# 2009 Summer Trout Slam & Kids Trout Slam



## jtownsend2 (Mar 25, 2005)

*TEXAS CITY ANGLERS CLUB
SUMMER TROUT SLAM
&
KIDS TROUT SLAM
June 20, 2009*


*Hosted by:
Texas City Anglers Club, Galveston Government Employees Credit Union, & Gulfway Plaza

Sponsored by:
Bass Taxidermy, Fishing Tackle Unlimited, FishGillz Sunglasses, Kroger, Laguna Rods, Serious Tackle, Strike Pro Lures*

*Follow the link to rules, regulations, & entry form.
**http://www.filedropper.com/2009tcacs...mkidstroutslam*

post questions here or email to
[email protected]

*Payout Structure*​100% of the entry fee portion will be paid to the top 3 places.
Note: Membership fees for new TCAC members are not included in the payout.
1st Place = 50% + $500 CD donated by GGECU + Laguna Rod & reel combo
2nd Place = 30%
3rd Place = 20%

100% of the Optional Big Trout Side Pot will be paid to the top 2 places.
1st Place = 70%
2nd Place = 30%

Kids Division prizes:
1st Place = $500 CD donated by GGECU + Laguna Rod & reel combo + Bass Taxidermy mount of winning fish
2nd thru 6th Places = Rod & Reel Combos sponsored by Fishing Tackle Unlimited
NO KID FISHING THE TOURNAMENT GOES HOME EMPTY HANDED! 
Attached Images


----------



## jtownsend2 (Mar 25, 2005)

Look for our table and display at the FTU Event (I45 Location) this weekend.

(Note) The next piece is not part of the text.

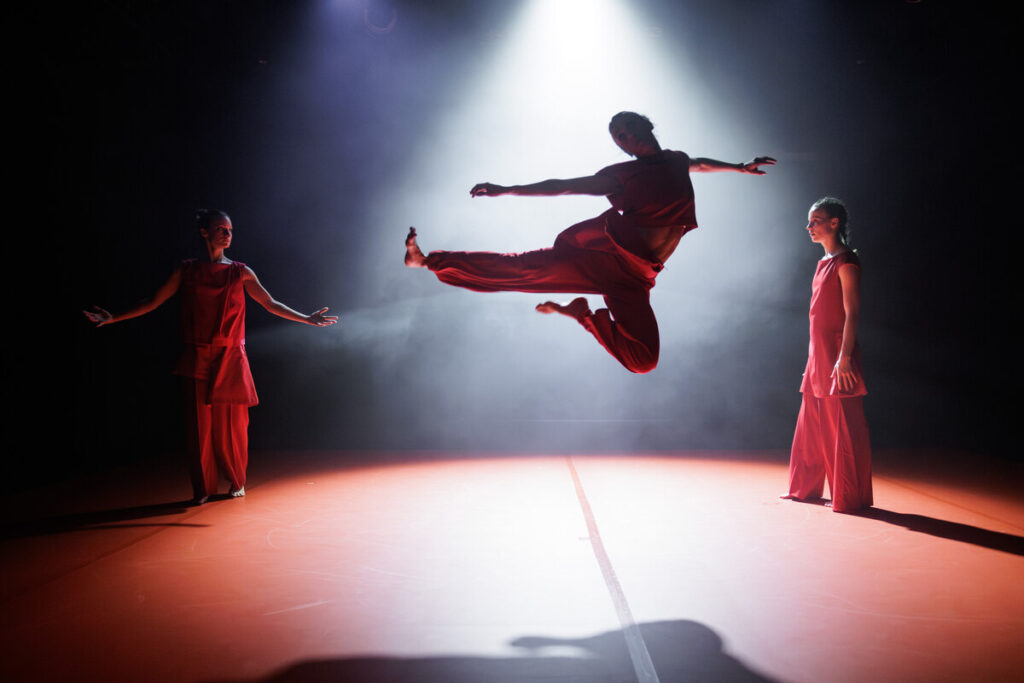 Teil 2: „Vault“. Auf die zarte Klarheit des Geborenwerdens folgt die diffuse Hektik des Daseins. Also werden Nebelmaschinen und eiskalt flackerndes Licht angestellt. Ein glamouröses Quartett exerziert mit feingliedriger Elastizität einen zuckenden Tanz der Arme. So eitel wie verloren drehen sich die Tänzer:innen auch um sich selbst. Sie wirken anmutig in ihrer raumgreifenden Aggressivität. Einem manischen Begehren.

This is a great opportunity for the kiddos to compete for free and win some GREAT prizes!


----------



## jtownsend2 (Mar 25, 2005)

*TTT*

Less than 3 weeks to go.

100% payout for the entry fee portion on the adult side, free kids division with great prizes, and much more!


----------



## ranch extreme (Apr 14, 2008)

The Laguna Rods are here (may post pic later), along with the mated Shimano reels. Man, they look good. 

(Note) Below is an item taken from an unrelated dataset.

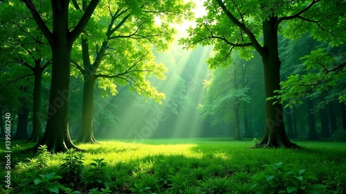forest, tree, sunlight, sunbeam, green, nature, wood, timberland, peaceful, serene, calm, tranquil, lush, vibrant, foliage, leaf, grass, meadow, landscape, environment, ecology, spring

Monday is the deadline for mailing entries. You can still register at Serious Tackle or Galveston Government Employees Credit Union (GGECU) in Gulfway Plaza in La Marque throughout next week.

Entries are starting to come in and the turnout is looking pretty good.


----------



## jtownsend2 (Mar 25, 2005)

*Participants....*

Don't forget to pick-up your door prize/food ticket at the weigh-in!


----------



## jtownsend2 (Mar 25, 2005)

*RESULTS*

We had an excellent turnout for the tournament with 68 competitors on the adult side and 26 kids.

Adult Division:
1st Place - Mike May & Russell Alvis 13.94 lbs
2nd Place - Brooks Kelm & Sammy Flores 13.70 lbs
3rd Place - Bubba Thomas & Ross Pilkington 13.38 lbs

Big Trout Division:
1st Place - Brooks Kelm 7.08 lbs
2nd Place - Ryan Battistoni 6.1 lbs

Kids Division:
1st Place - Allison Ellington (Speckled Trout) 2.85 lbs
2nd Place - Connor McKinzie (Speckled Trout) 2.17 lbs
3rd Place - Justin Ruiz (Speckled Trout) 1.68 lbs
4th Place - Victoria Gehret (Speckled Trout) 1.52 lbs
5th Place - Clayton Smith (Speckled Trout) 1.22 lbs

Thanks to all the participants who fished the tournament.

Special thanks to our sponsors: Galveston Government Employees Credit Union (Rachel Robert - President), Fishing Tackle Unlimited (Camile Null), Serious Tackle & StrikePro Lures (Chris Gonzales, Kroger, Laguna Rods, FishGillz Sunglasses, Bass Taxidermy, and Gulfway Plaza


----------